Fans of BBC’s Downton Abbey, Daphne Du Maurier’s Rebecca or Evelyn Waugh’s Brideshead Revisited will love this novel about family, love and secrets. Of course, a novel like this must have the perfect setting: a sprawling English manor at the turn of the 20th century, where all of these secrets take place.
The novel’s narrator ninety-eight-year-old Grace Bradley, a former maid for the Hartford family, spends the last days of her life unloading a secret she kept for too long. In the summer of 1924, during one of Riverton Estate’s famous parties, a young poet shot himself. The only witnesses to the tragic event were the two Hartford sisters, Hannah and Emmaline, and Grace. The novel takes a long time revealing the secrets of Riverton, and the shifting perspective of Grace as an eager fourteen-year-old housemaid and then as an aged woman adds to the novel’s secretive layers.
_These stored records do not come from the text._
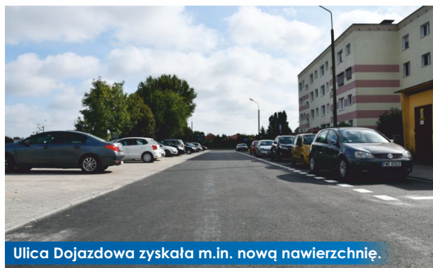
Ulica Dojazdowa zyskała m.in. nową nawierzchnię.

3 września br. odbył się odbiór inwestycji związanej z przebudową ulicy Dojazdowej w Witkowie. Zakres robót obejmował m.in. ułożenie nowej nawierzchni jezdni, budowę miejsc postojowych z kostki betonowej, poprawę odwodnienia pasa drogowego oraz uzupełnienie oznakowania pionowego i poziomego.
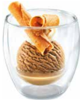
Mini Baileys Café-Rahmglace, Baileys und Rahm CHF 8.00
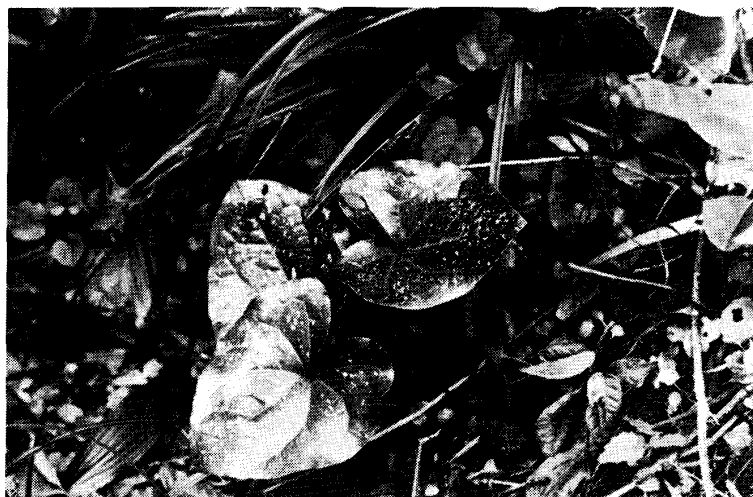
Photo 5. Asarum tokarense Hatus.
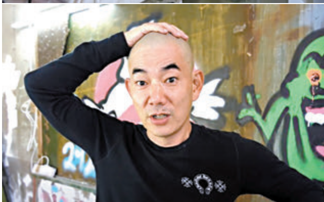
小齊解釋其實剃光頭是不想花時間去搞頭髮。

香港文匯報訊(記者 子棠)關心妍(Jade)昨日到新城廣播接受電台訪問。近年忙於巡演的Jade之前已完成了廣州、佛山、澳門的演出,下一站將會是6月的東莞站;Jade表示每次都選擇周末開騷,除為遷就觀眾第二日不用上班外,8歲的愛女心心亦因為不用上學,可以擔任表演嘉賓,其實女兒表演慾不強,不過就喜歡跟她湊熱鬧,笑言可能過兩年就不會理睬她(做嘉賓),所以會好好珍惜現在每一次親子檔的機會。
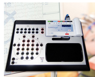
Stationary system for long-term EEG recordings
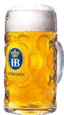
ホフブロイ (1589年創立)

かつてバイエルン国王の為に作られたビールとして由緒ある醸造所。本場オクトーバーフェストでは、1万席を超える最大級のテントを構築、絶大な人気を誇るまさに"王様のビール"。
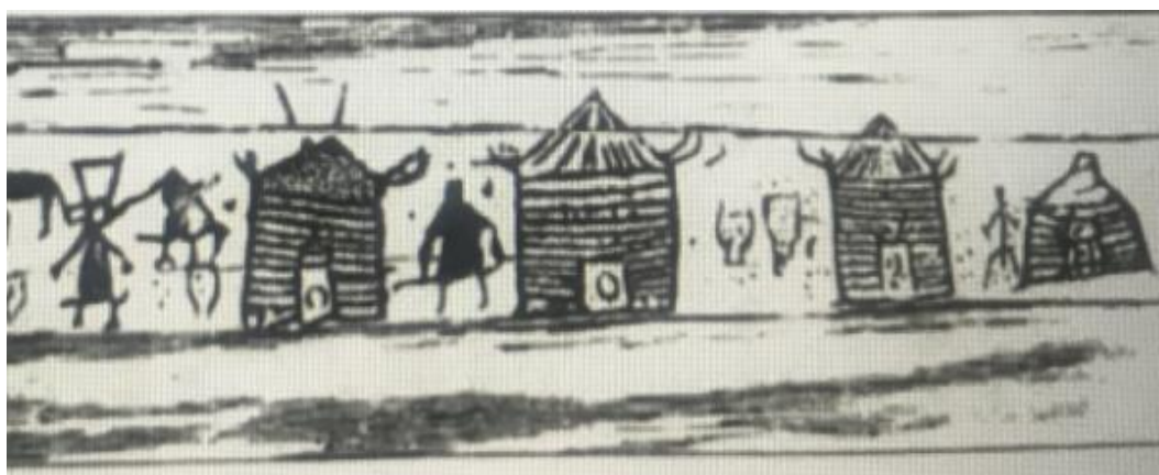
Рисунок 11. Петроглифы Боярского хребта (II–I вв. д.н.э.) (Кызласов Л.Р. Очерки по истории Сибири и Центральной Азии. –Красноярск, Изд-во Краснояр. Университета, 1992 г. -224 стр.)
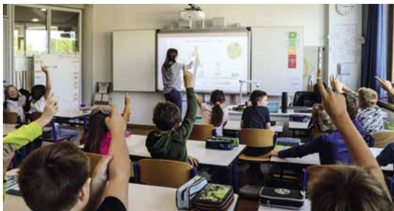
Die Digitalisierung an den städtischen Schulen ist auf den Weg gebracht. Vorreiter ist hier die neue Grund- und Mittelschule Pfaffenhofen.

Im Sport- und Freizeitbereich macht nicht nur der Bau des Hallenbads von sich reden. Im vergangenen Frühjahr wurden auch der neue Trimm-Dich-Pfad und ein zusätzlicher Spielpfad im
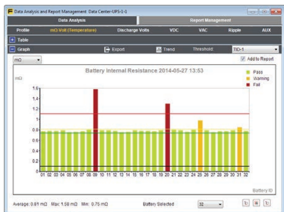
Histograma de uma cadeia de baterias com limites definidos pelo usuário.
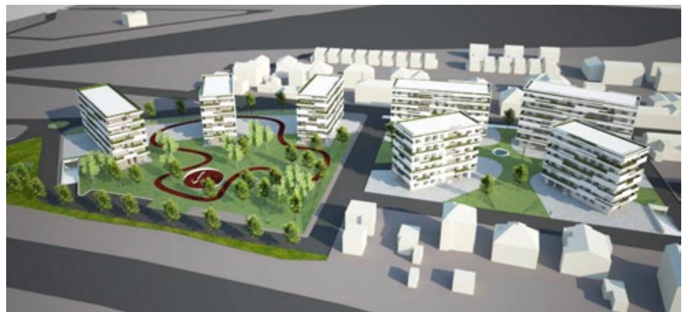
Fig. 5. Masterplan "Per un quartiere sostenibile": vista.

L'intera operazione urbanistico-architettonica ha come obiettivo prioritario la creazione di un quartiere a zero consumo di energia, perseguita da un lato con un impianto urbano caratterizzato da un'ampia presenza di verde, dall'altro con l'impiego di criteri progettuali atti alla costruzione di edifici a consumo zero, grazie a specifiche scelte relative a involucri e impianti.
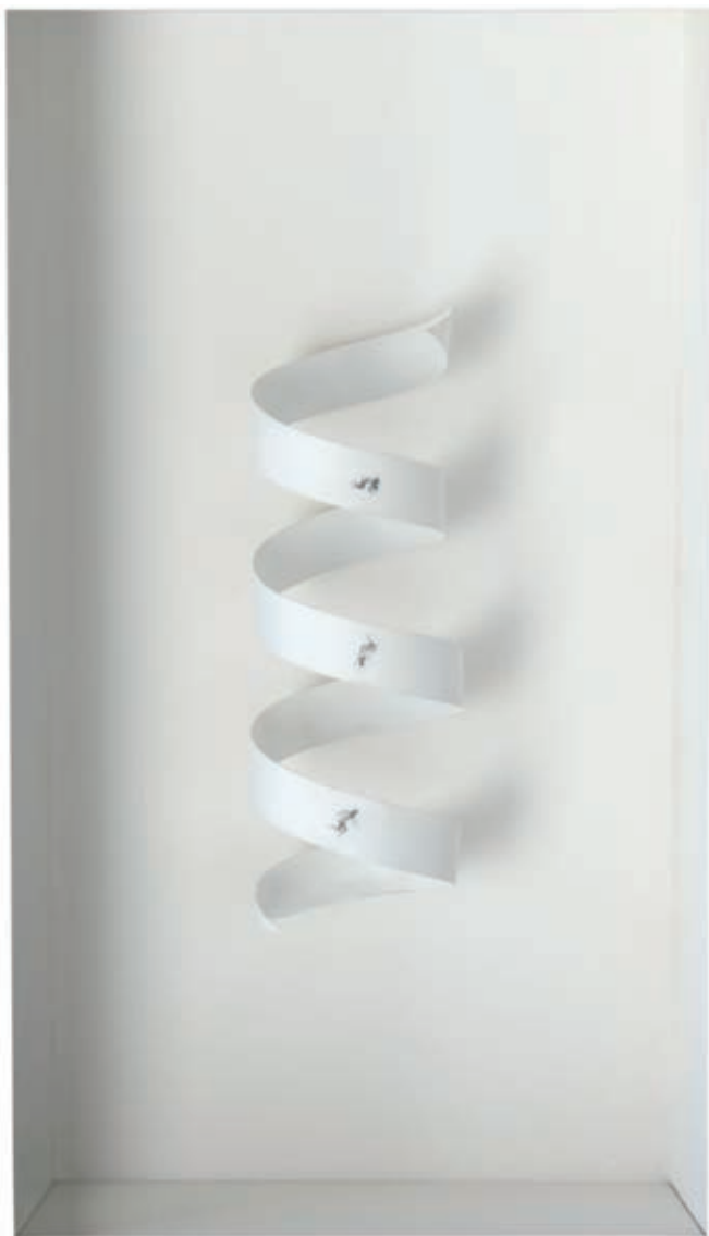
El viaje. Emulsión fotográfica en técnica mixta. Barcelona, 2007. 39 x 23,5 x 9 cm.
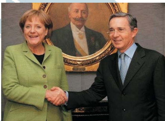
Tanto la Canciller Merkel como el Presidente Uribe reiteraron las buenas relaciones entre Alemania y Colombia.

La Política de Seguridad Democrática de Álvaro Uribe brindó confianza en el sector privado, lo cual no sólo beneficia a compañías multinacionales, sino también a pequeñas empresas del país. Este desarrollo está estrechamente ligado a la intensidad del conflicto. La seguridad y la confianza tienen en Colombia dividendos sociales. Cuando le va bien a la economía del país, hay acceso, al lado del necesario componente militar, a recursos para proyectos sociales y tareas de reintegración para los más de 40.000 combatientes desmovilizados. Los colombianos, quienes no sólo padecen bajo un conflicto vitalicio, sino que viven en una vecindad cada vez más turbulenta, han sabido apreciar el apoyo de Alemania en tiempos difíciles. Ahora reposa en ambas partes tomar los hilos que la Canciller alemana dejó en su visita a Bogotá y no dejar amainar la nueva dinámica de las relaciones bilaterales.
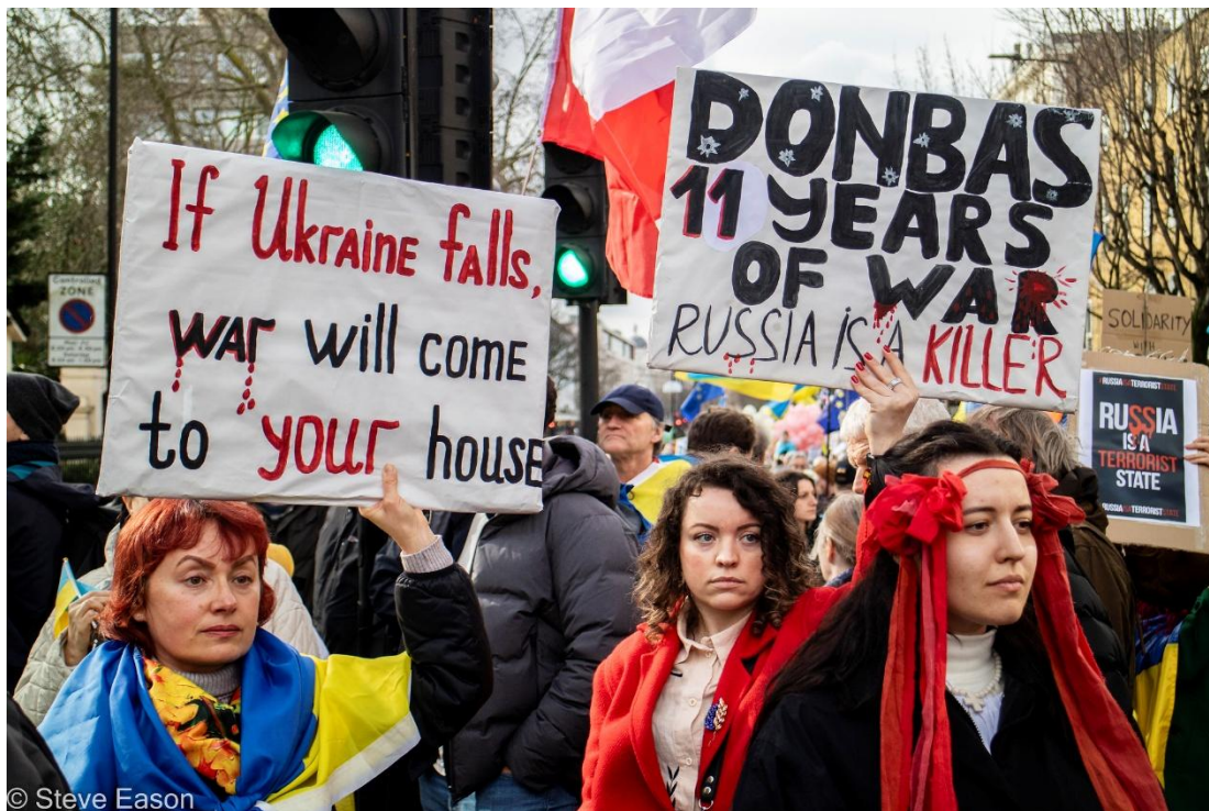
Demonstration i London på treårsdagen av Rysslands invasion, februari 2025.

Frågan hur eller om socialister i Europa tar sig an de politiska och praktiska utmaningar som Rysslands krig innebär ligger säkert väldigt långt ner på listan över saker som de flesta ukrainare funderar över just nu.
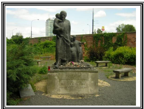
אנדרטה ליאנוש קורצ'אק בבית העלמין היהודי בוורשה
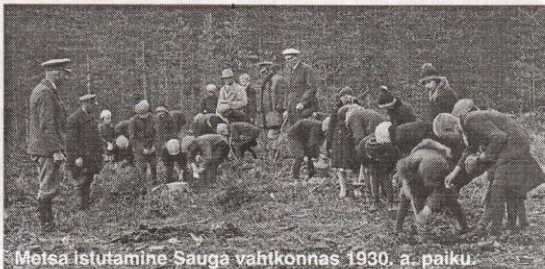
Metsa istutamine Sauga vahikonnas 1930. a. paiku.

Metskülast, mida erinevatel aega-del nimetatud erinevalt (Mieczi, Miesla, Meczkuia, Meylia, Mieczkilla, Das Dorff Metzla, Das Dorf Metzku ja Metzla) oli 1930. aastateks arenenud suur ja elujõuline küla. 1935. a. oli Viljandi Ajutise Maavalitsuse ja Metsküla Haridusseltsi andmetel küla pin-dala 2414,29 hektarit, majapidamisi 82, elanikke 365. Majapidamistest 32 olid vanatalud, 40 väiketalud, 10 käsi-töölise majapidamised. Vanatalude hulgas oli 2 Kulbi, Kurika, Lellepi, Raudsepa, Toosi ja Vidu talu, 3 Palit-set ja koguni 4 Soobat, üks teistest kaugemal.
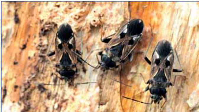
Rhyparochromus vulgaris .

Wantsen worden met enige regelmaat in huis aangetroffen. Naast soorten die daar thuishoren als de gemaskerde roofwants Reduvius personatus (L. 1758) en de bedwants Cimex lectularius (L. 1758), kunnen dat een aantal andere soorten zijn.
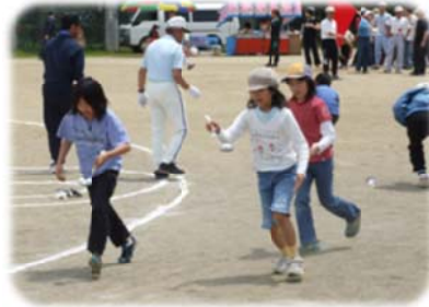
(新種目 逆周リレース)
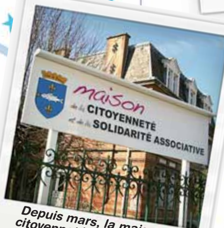
Depuis mars, la maison de la citoyenneté et de la solidarité fonctionne à plein régime
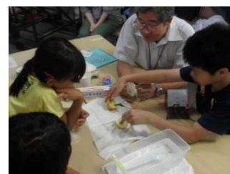
レモン電池を作ってみる
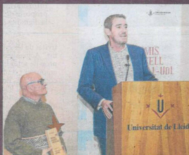
Reconeixement al lideratge social

Federació de Cooperatives Agràries de Catalunya

I am a sucker for novels like this, and I am fascinated with this time period. Though tragic and haunting (like any good novel about a mysterious death on an English manor should be) the book develops character nicely, and Morton paces the reveals throughout the storyline. At times predictable with some of her secrets, Morton’s first novel kept me guessing, too.
Have you discovered an author’s early works while waiting on the latest release?
This is definitely on my list now. Maybe it will tide me over until /Downton Abbey/ Season 4 starts in the US!
Isn’t everything just something to tide us over until /Downton Abbey/ returns? Let’s be honest here.
Confession. I have not seen Downton Abbey.